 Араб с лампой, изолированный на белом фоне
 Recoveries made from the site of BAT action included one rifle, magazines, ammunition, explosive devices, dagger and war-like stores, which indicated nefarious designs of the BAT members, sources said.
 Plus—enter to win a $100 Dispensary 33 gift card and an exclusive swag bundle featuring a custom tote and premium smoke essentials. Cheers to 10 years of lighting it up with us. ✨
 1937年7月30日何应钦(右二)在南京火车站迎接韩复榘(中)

*****

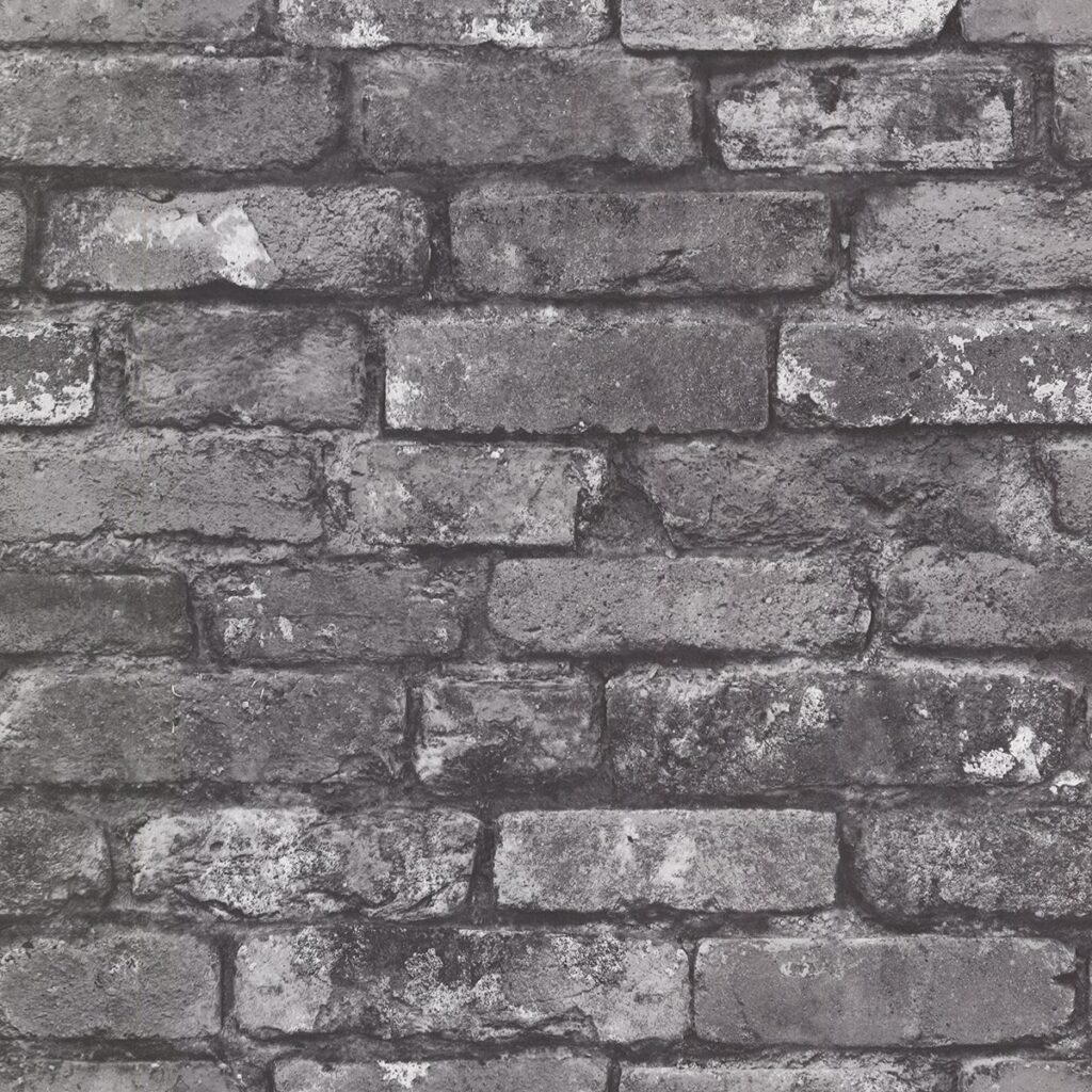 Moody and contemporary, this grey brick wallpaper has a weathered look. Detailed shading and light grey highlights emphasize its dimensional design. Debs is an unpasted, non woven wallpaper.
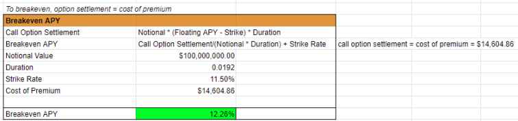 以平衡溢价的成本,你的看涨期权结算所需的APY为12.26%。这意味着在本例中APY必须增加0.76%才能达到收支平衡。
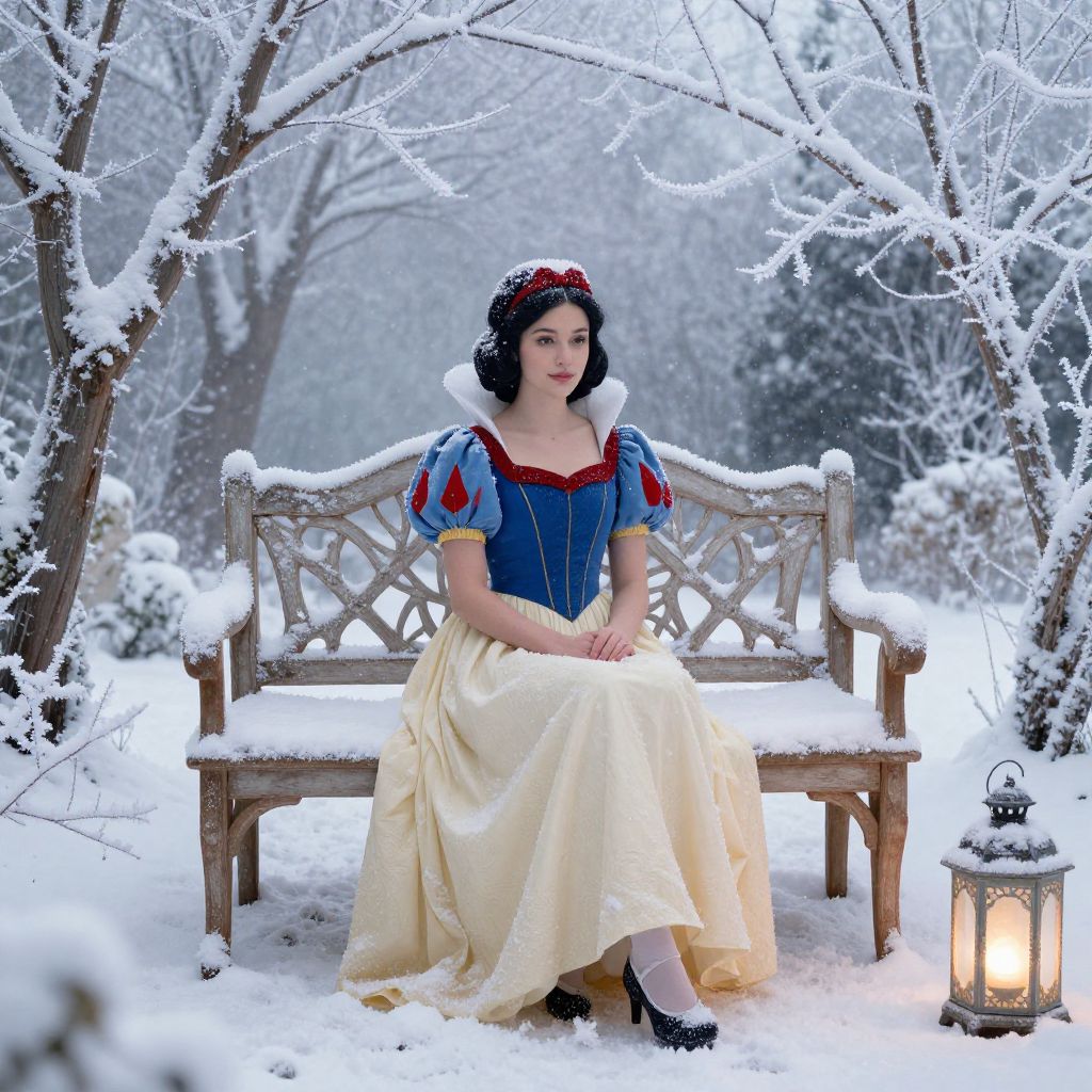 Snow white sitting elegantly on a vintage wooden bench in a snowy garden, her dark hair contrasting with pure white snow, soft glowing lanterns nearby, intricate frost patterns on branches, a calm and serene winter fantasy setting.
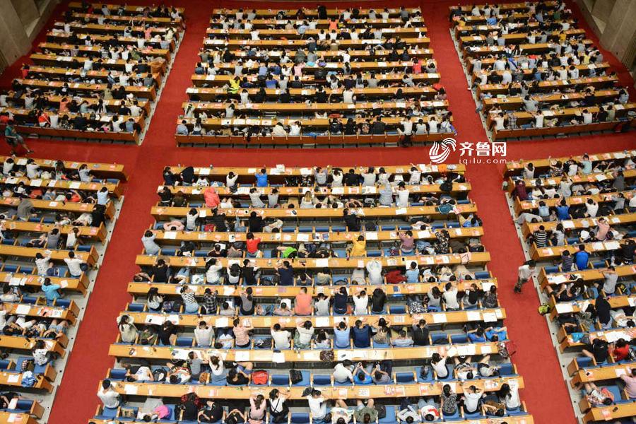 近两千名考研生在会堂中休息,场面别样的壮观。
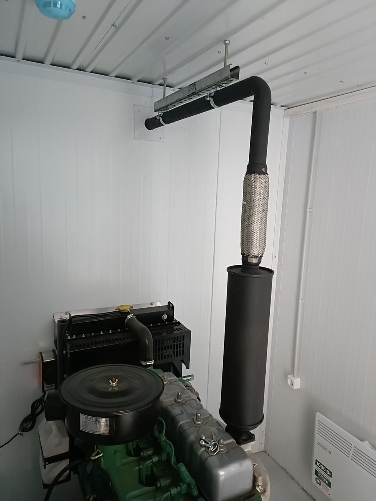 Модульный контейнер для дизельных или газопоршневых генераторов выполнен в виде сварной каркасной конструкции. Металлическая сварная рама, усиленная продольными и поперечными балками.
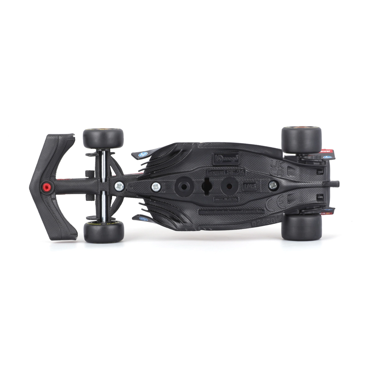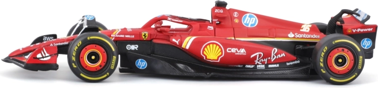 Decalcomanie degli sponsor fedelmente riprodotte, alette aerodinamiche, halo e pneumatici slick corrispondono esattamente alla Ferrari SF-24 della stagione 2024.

*****

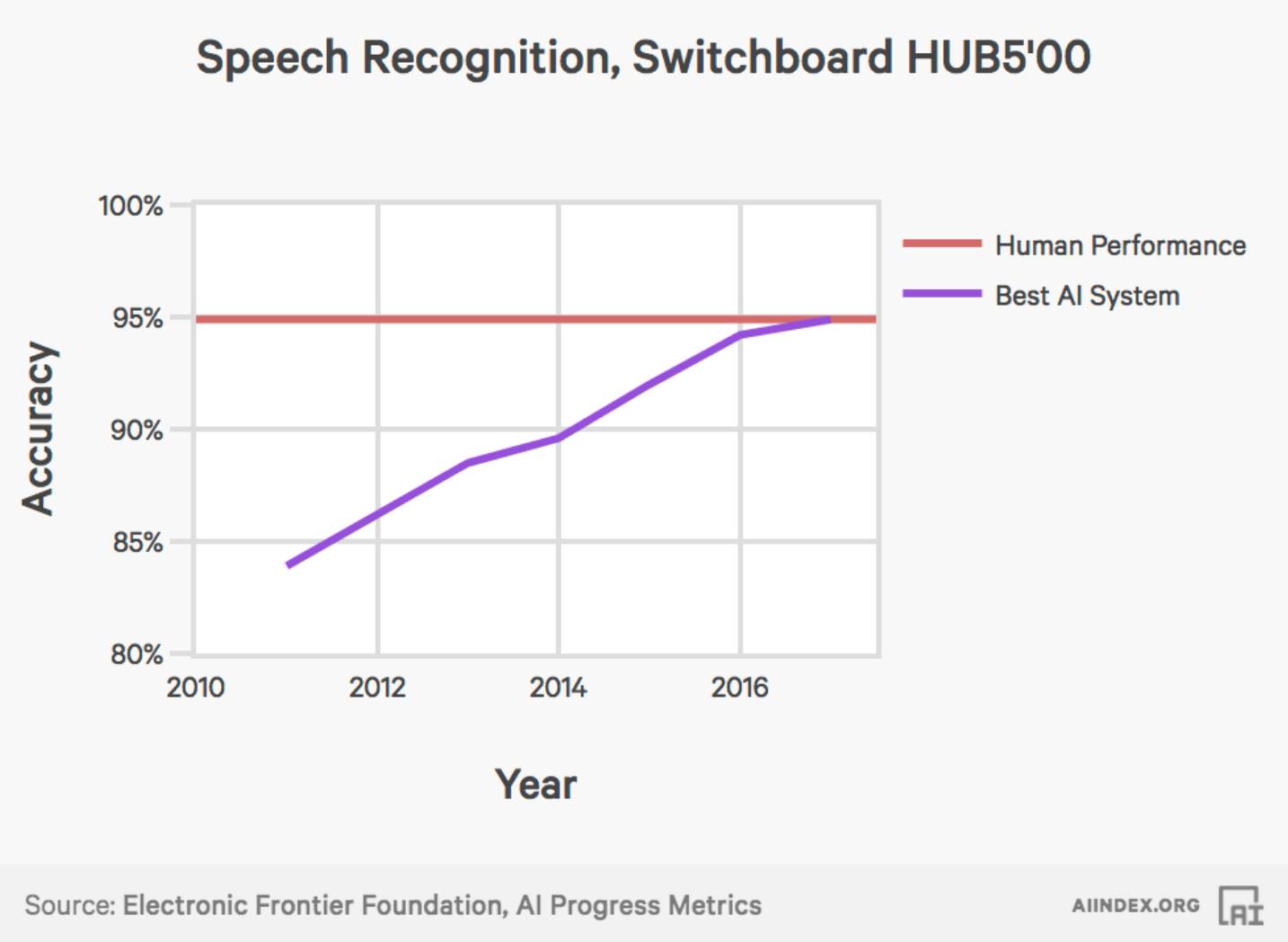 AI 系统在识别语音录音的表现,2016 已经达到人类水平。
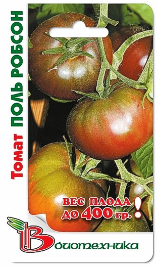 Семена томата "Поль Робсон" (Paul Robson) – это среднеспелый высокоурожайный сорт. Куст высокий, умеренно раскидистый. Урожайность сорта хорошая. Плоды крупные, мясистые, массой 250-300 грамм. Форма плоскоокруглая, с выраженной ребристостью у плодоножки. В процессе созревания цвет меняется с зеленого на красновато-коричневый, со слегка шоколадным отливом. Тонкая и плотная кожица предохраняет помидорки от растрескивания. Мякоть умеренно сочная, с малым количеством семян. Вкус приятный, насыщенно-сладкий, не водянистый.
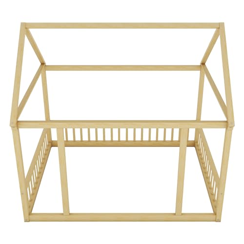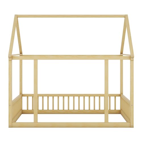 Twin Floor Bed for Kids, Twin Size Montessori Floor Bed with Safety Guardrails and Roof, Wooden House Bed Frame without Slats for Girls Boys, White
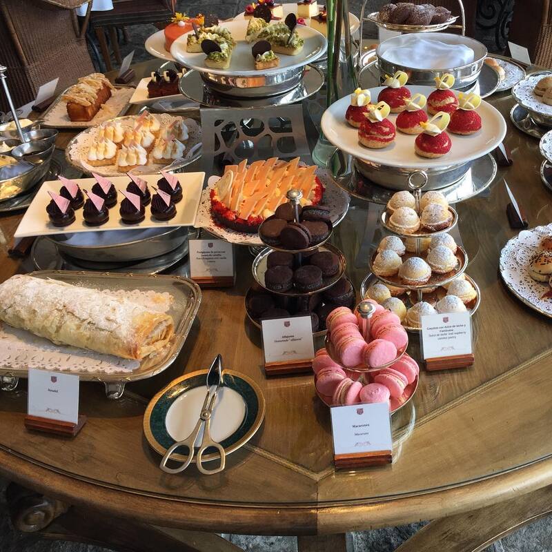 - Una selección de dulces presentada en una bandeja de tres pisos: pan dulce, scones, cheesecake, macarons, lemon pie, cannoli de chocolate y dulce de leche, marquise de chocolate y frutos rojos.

*****

Every line above from the one with "以平衡溢价的成本,你的看涨期" down to the one with "Snow white sitting" must be written out exactly, and no picture may appear.

 以平衡溢价的成本,你的看涨期权结算所需的APY为12.26%。这意味着在本例中APY必须增加0.76%才能达到收支平衡。
 Snow white sitting elegantly on a vintage wooden bench in a snowy garden, her dark hair contrasting with pure white snow, soft glowing lanterns nearby, intricate frost patterns on branches, a calm and serene winter fantasy setting.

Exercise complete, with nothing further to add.